第135話 鎮魂歌

 ──。



 『それ』に最初に気づいたのはルシードだった。彼は動きを止めた。

 黒いスライムもまた、動きを止めている。


「……これは、歌?」

 どこから聞こえてくるのだろう。微かに聞こえていたその歌声は、次第に大きくなっていく。

 なんて美しい歌声なのだろう。ルシードは思った。心が癒されていくような、とても優しい響きがあった。

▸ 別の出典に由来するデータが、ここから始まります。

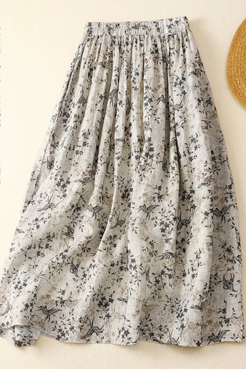 eign trade 激安ブランドテールグッズレディース ese ラミー花柄スカートウエストゴムカジュアル綿麻 A ラインミモレ丈スカート コットン エラスティック 伸縮 Aライン sine17737510694

 風に抱かれて安らぎなさい。大地の揺りかごに揺られて眠りなさい。

 ひかりはあなたを包み込み、御空へといざなうでしょう。

 わたしはあなたを許す者。憎しみも苦しみもすべて受け入れましょう。

 だからお眠りなさい。心を安らかに、母の胸に抱かれて、ゆっくりとおやすみなさい。


『オォオォオォオ……』

『ウオオォオォォ……ン』


「……泣いて、いるのか」

 黒いスライムたちが、声をあげて泣いている。

 ルシードもまた、目から涙を溢れさせていた。



「これは……鎮魂歌レクイエムでござるな」

 アオイは、星の眠る地に向かって歌うソフィの背を見ていた。

 ソフィの身体は光り輝き、歌は風に乗って星の眠る地を優しく撫でていく。

 

 鎮魂の女神ソフィ。

 悪しき魂を浄化し、安らぎを与える慈愛の女神。

 人間に転生し、女神としての力は失われたものの、ほんの一部は【スキル】として、彼女の成長と共に発現していた。


 星の眠る地に渦巻いていた怨念が、鎮まっていく。

 

 歌はさらに大きく、美しく、優しく。

 大地を包み込んでいった。



「……なにが起きてるのかわからねぇが、今が好機! 喰らいやがれ、マガツボシ!」

 ジャンが跳躍する。そして槍を、マガツボシの邪眼へと突き刺した。



『アア……アアアアアアアア!!』



 マガツボシが、じゅうじゅうという音を立てて溶けていく。

 どろどろの黒い液体の中、人の容をした何かが起き上がる。


『あぁぁ──憎い。憎い、憎い憎い。憎い。すべてが憎い』

 紅い目が爛々と光っている。それはふらふらと歩き出す。


「……もう、よいのだ。あなたの家族を殺した我が一族は報いを受けた。もう、誰も生き残っていない。それでも足りないなら、わたしを連れていけ」

『アアァ……アアア……。セレナ、セレナ。どうして、どうして助けてくれなかった。どうして』

 セレナは黒い人型を抱きしめる。

「わたしは、わたしたちは愚かだった。あなたの苦しみを知ろうとしなかった。ごめんなさい。ごめんなさい」

 

 歌が二人を包み込む。

 黒いどろどろとしたものが消えて、エルフの姿が現れる。


『……もう、憎むのに疲れてしまった。憎んでも、殺しても、破壊しても、ずっと終わらないんだ。楽にならないんだ。もうたくさんだ。お願いだ、もう、終わらせてくれ、セレナ』

「……わかった。あなたの苦しみは、これからはわたしが背負う」

 セレナは銀のナイフを、そのエルフの胸に突き刺した。

 エルフの身体が消えていく。


『……なつかしい、歌が聞こえる。森が見える。ああ、父さん、母さん……これでやっと……』

 光の粒子が宙を舞い、そして静かに消えていった。



 セレナはその場に座り込む。

「セレナ……大丈夫?」

 アレンが駆けつけると、セレナは彼をぎゅっと抱きしめた。震えていた。

「あの子はな……わたしの従者だったんだ。初めてできた友達だった。それなのに、わたしは彼女を、彼女の家族を見殺しにした。わたしはずっと、目の前で起きている出来事から逃げ続けてきた」

 そうやって、一族も見捨てた。レッドドラゴンを憎みながらも、本当に憎んでいるのは何もせずに逃げている自分だった。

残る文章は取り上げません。